Measuring the effectiveness is challenging because the investment in photovoltaics (PV) should maximize total profits and the return ratio.. This ratio, by general definition, is a non-linear function of the capacity. The calculus should also account for money value over the long term until PV exploitation ends. Such measures like the return period, rate of return, break-even point, NPV and IRR for deterministic as well as for uncertain cashflow investments are recommended [1,2,3]. Under analysis here is the net-metering scheme in which PV production surplus is fed into the grid not sold. Equivalent energy is available to be taken back by a prosumer to supply their needs. So, the revenue is defined as the PV opportunity cost that is equal to paid traditional electricity bills in case there is no PV investment. In Section 3.3, the decision model of the capacity volume is formulated in order to maximize total profit. Additionally, the return rate from the investment in PV is assessed ex post. Return non-negativity is guaranteed with the solution of the model. Hence, in practice, it is more important to check whether the return from the PV investment maximizing profit exceeds the risk-free market interest rate. The last is an alternative investment of a prosumer’s money. This research focuses on effective investing in PV by a prosumer, being a household or a small business. Each market parameter and consumption parameter of the model is settable by a prosumer at a feasible level at their installation place. Production efficiency is not a direct function of weather and is treated as known. We estimated the efficiency from the production data of an existing installation [4,5].

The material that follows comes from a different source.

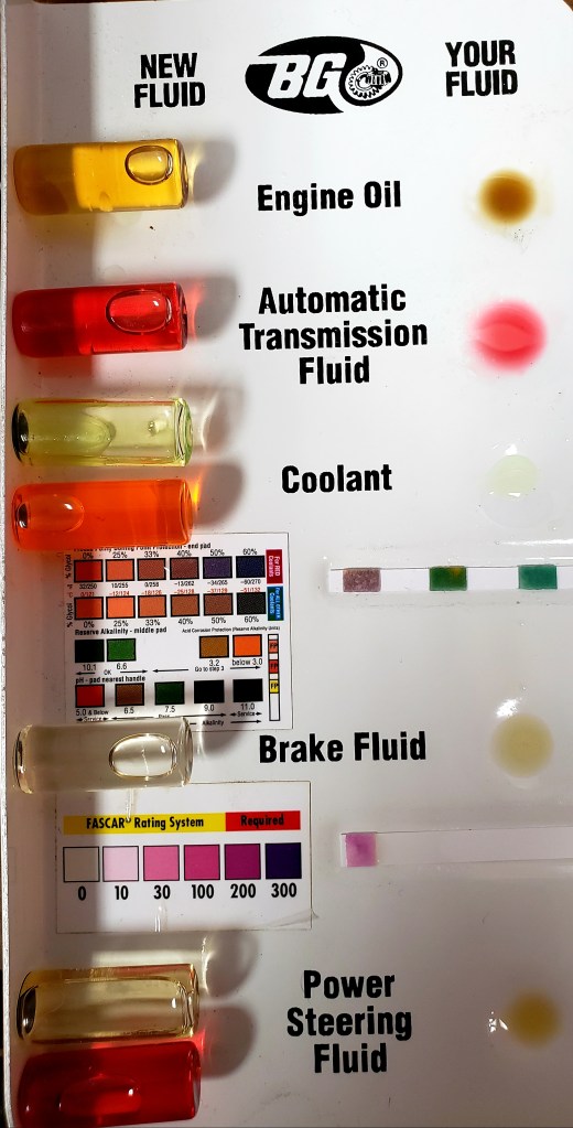 The fluid samples on the left show brand new fluid. The fluid samples on the right are fluids taken from a vehicle. Test strips are used to tell if the fluid is still healthy, beyond using just sight and smell. Your owner’s manual tells you when to change these fluids. Change them before they become dirty and can no longer do their job!

The integration of operational and investment effectiveness approaches is desired for effective PV planning, while in the literature, total cost minimization is usually discussed [6,7,8]. Yang et al. [9] propose a two-step procedure for modeling and solving the maximum rate of return with adaptive weighted particle swarm optimization. Their model concerns a net-billing scheme. The authors of [9] assume a general PV efficiency value equal to 0.95. We use the day/night cycle for PV production modeling like in [8,9]. However, the model of [8] explains the production with climate explanatory variables, while our model is a production time series based directly on production data at a given geolocation.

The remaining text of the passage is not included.